Monday morning, I half jokingly made a meme after news of the Navy Yard shooting broke, predicting that conspiracy nuts would start screaming “false flag.” And sure enough, I was right. Once again, Alex Jones slithered out from under his rock and summoned that legion of followers to proclaim that once again, the government had staged another horrific event in order to take away our rights, send us to FEMA camps, etc. It doesn’t matter what the event is, or what the topic may be, him and his followers will find some shadowy group to blame it on. It’s like Godwin’s Law except you just replace Hitler with George Soros, the Bilderberg Group, Zionists, etc.

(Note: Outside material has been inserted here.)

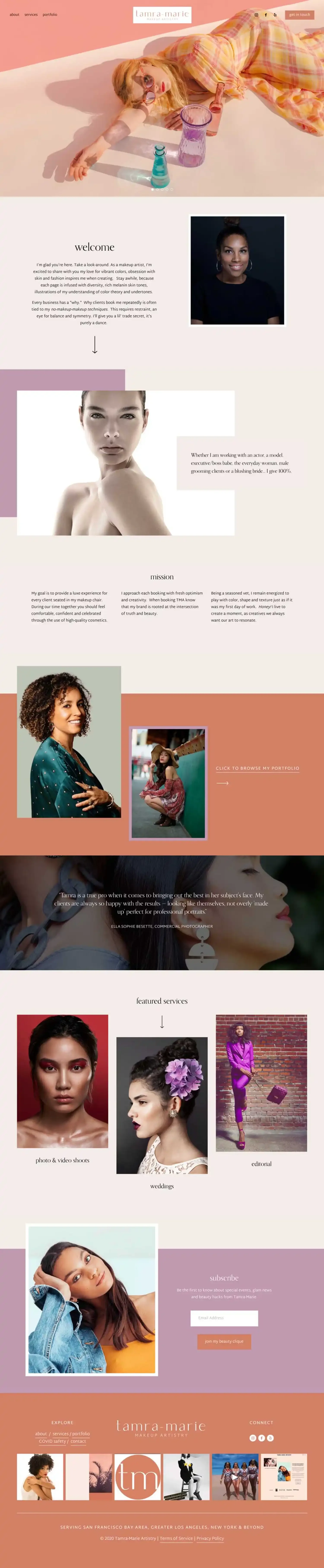 Tamra Marie Belladonna Jan 20 Written By Erica Hartwick BUSINESS: Tamra MarieINDUSTRY: Makeup ArtistTEMPLATE: Belladonna Shop The Template Squarespace Template Gallery Shop the Belladonna Template Squarespace Template Gallery Style: MinimalStyle: ModernIndustry: Service BasedStyle: BrightStyle: Bold Erica Hartwick http://www.bigcatcreative.com

I think people rely on conspiracy hypotheses (no, they’re not actually theories because theories are hypotheses that have been tested) because they create a more exciting and fearful world in which they can exchange their current reality for another. Remember when we were kids and we pretended to be cops or secret agents? Same thing here except these are grown adults, and they can’t separate the fantasy world from reality anymore. It’s a fanciful and yet simplistic way of explaining any event that happens without thinking. Let’s take Monday’s shooting, for example. A man with a rather complex history of mental illness and anger issues snaps and kills a dozen people inside of a military installation. Immediately, “it’s an attack staged by the government” comes out of Alex Jones’ piehole before the police have even secured the scene, and his mindless drones believe every word of it.
“Mindless drones” of Alex Jones, that’s the best way to describe it I suppose. Conspiracy paranoia goes beyond a mild mental illness or a problem with intellectual maturity, it’s really a cult when you think about it. Think of all the people who did anything Jim Jones, or Charles Manson or David Koresh said. I would bet every last cent in my bank account that if tomorrow Alex Jones said that the end of the world was upon us and his followers should sell everything they own and head to the bunkers, they would do it without thinking. You see, Alex Jones isn’t a raving lunatic — he’s a very clever individual who realized there is a financial gold mine in peddling crazy conspiracy stories laced with a strong tinge of anti-Semitism. While Alex was still popping pimples in high school, there was David Icke who makes him seem almost normal. Alex Jones basically followed in his footsteps and surpassed him as the new leader of the conspiracy fringe. He took the insane rants of David Icke and watered them down a little to be more palatable for a wider audience — which, of course, means more money in his pocket. You see, it all boils down to one thing: maximum audience which equals maximum revenue.
This isn’t to say the government hasn’t ever lied to us or that conspiracies haven’t happened before. We know for a fact that the government has lied or withheld information from us. Corporations and individuals conspire to do all sorts of shady things on a daily basis, and we have documented proof of both. However, what Alex Jones is selling is nothing more than a collection of old stories with the wording changed a bit and an extra couple tablespoons of xenophobia and anti-Semitism thrown in. If you’ve bought into his narrative, that’s the perfect definition of irony right there. You didn’t want to be “one of the sheep” and you found a Pied Piper with a tinfoil hat peddling an alternate reality to you. How does it feel to be played for a fool?